Data structure: Overall ELO + per-arena breakdown + methodology details + key insights.
🔧 SWE-bench Source: https://www.swebench.com/ (mirrored into data/swebench.json).
Benchmark: Evaluates models on 2,294 real-world software engineering problems from 12 popular Python repositories.
Variants: Full (2294), Verified (500 human-filtered), Lite (300 cost-efficient), Bash Only (500 mini-SWE-agent), Multimodal (517 with visuals).
Metric: % Resolved — percentage of GitHub issues successfully fixed by the model.
Real tasks: Actual issues from Django, Flask, Matplotlib, Pandas, Scikit-learn, Requests, etc.

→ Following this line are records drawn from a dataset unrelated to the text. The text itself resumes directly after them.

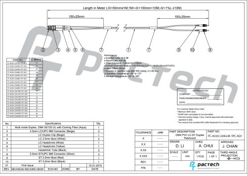 Connector Type: LC/UPC to ST/UPC (LC Uniboot available upon request)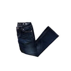 NWOT Miss Me Womens Denim Jeans Mid Rise Bootcut Dark Wash Rhinestone Size 28 Inseam 29”.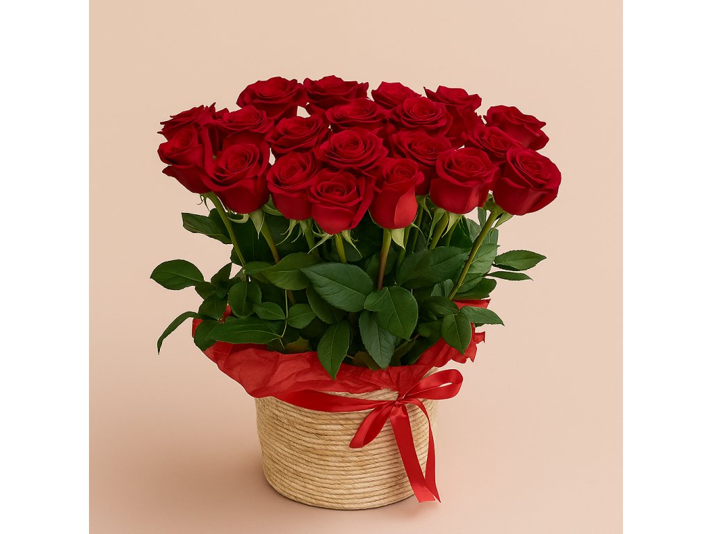 Darujte romantiku, která nezůstane bez odezvy – červené růže v koši jsou gestem, které řekne více než tisíc slov.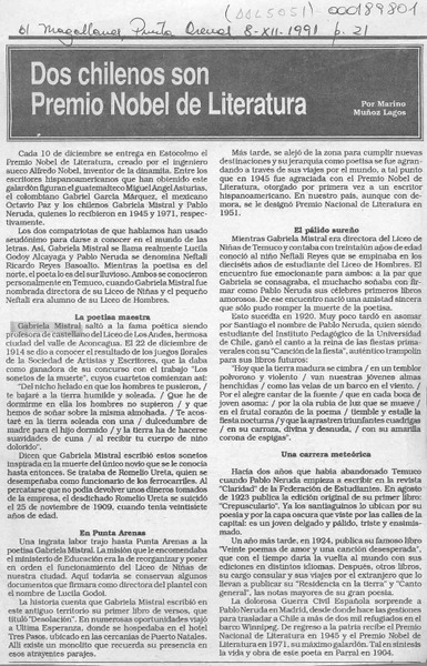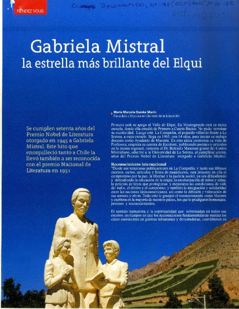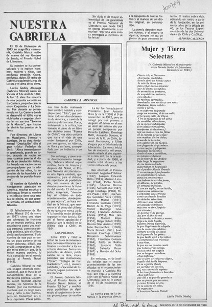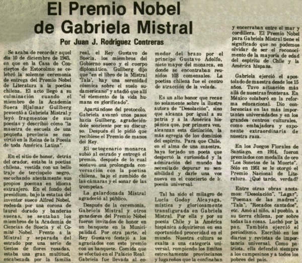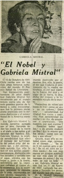 Nuestro primer Premio Nobel de Literatura, Gabriela Mistral [artículo] Orlando González Gutiérrez.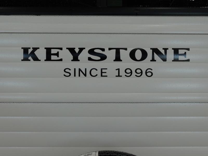 With any Hideout Sport travel trailer by Keystone you will enjoy simplified camping solutions that won't break the bank! Each model is constructed with a durable AlphaPly TPO roof membrane, tinted safety glass windows, and an I-beam frame. There are power tongue jacks and heavy duty stabilizer jacks that will make it easier than ever to hitch up and go. An XL entry assist handle will also provide convenience, along with a power awning that will provide much wanted shade during the day. You will feel right at home inside with stylish decor, blackout night shades, and cozy bed with storage underneath!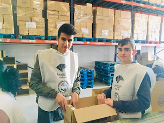 VOLUNTARIADO EN EL BANCO DE ALIMENTOS. Organizado por Esteban Guillen y Mónica Szauka, ayer miércoles un grupo de 20 jóvenes de los distintos ciclos del Departamento de Madera y Mueble del IES LA ROSALEDA, estuvimos colaborando en la clasificación dentro de la Campaña de Recogida de Alimentos de BANCOSOL. Una actividad extraescolar, con un componente social importante que sin duda fue muy gratificante para todos los que participamos en ella, además de Esteban, también acompañamos al grupo Lola Gálvez y Miguel Cardona ambos profesores del IES La Rosaleda. Desde aquí gracias a todos por vuestro esfuerzo.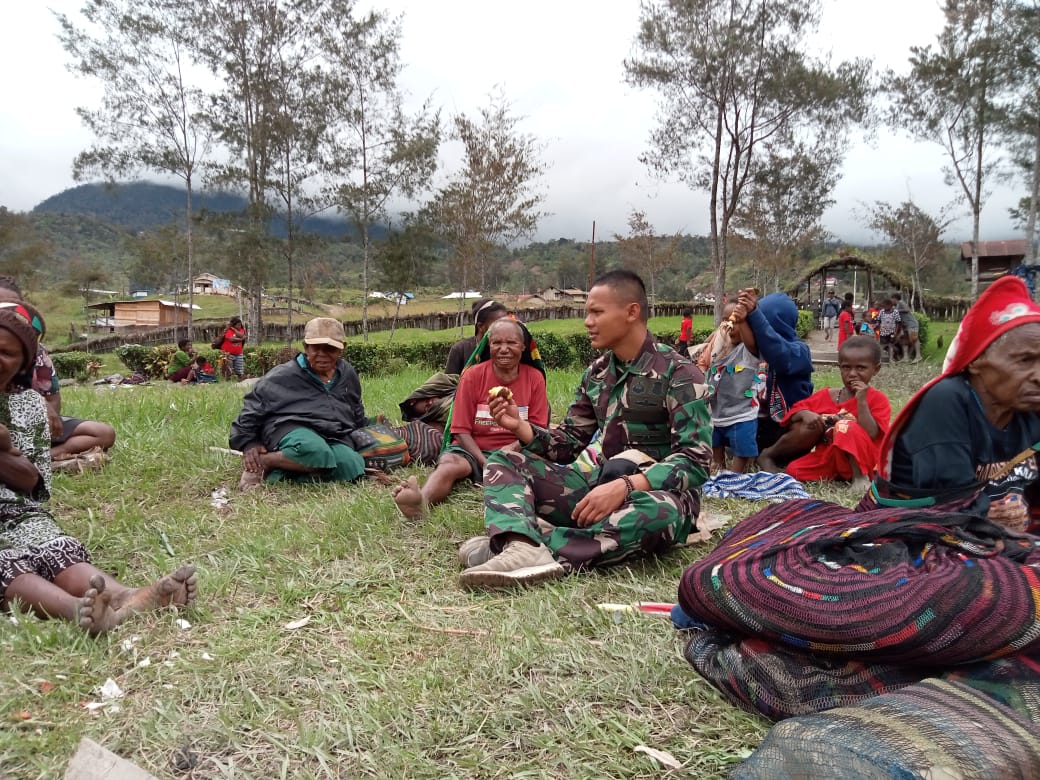 Puncak – Anggota Yon Raider 500/Sikatan sebagai satuan tugas pengamanan daerah rawan Papua wilayah Puncak pimpinan Letnan Dua Inf Sena Nurjabbar laksanakan komsos bersama mama-mama desa Gigobak 1 Distrik Sinak Kab. Puncak, Minggu (27/12/20).

Context understanding: Tests models' ability to navigate complex codebases and make appropriate changes.
Data structure: Rank + model + % resolved + organization + date + release version.
⚙️ Update Process:
To refresh CodeClash: update data/benchmark.json (or wire getBenchmarkData to live JSON) and rebuild.
To refresh SWE-bench: update data/swebench.json (or wire getSWEBenchData to live JSON) and rebuild.
Track lastUpdated + source URL so viewers know staleness.
Do not scrape automatically without permission; prefer a published JSON feed or manual update.
Both benchmarks appear on homepage as condensed leaderboards with bar charts and logos.
Full details available at /benchmark (CodeClash) and linked to external swebench.com (SWE-bench).
Trigger: when asked "update codeclash", "update swebench", or "update benchmarks", refresh appropriate data files and redeploy.
CodeClash: goal-oriented coding benchmark with ELO ratings across competitive arenas.
SWE-bench: real-world GitHub issue resolution benchmark across Python repositories.
Scope: leaderboard content on homepage snapshots + dedicated pages; keep formatting consistent.
Data files: data/benchmark.json (CodeClash) and data/swebench.json (SWE-bench).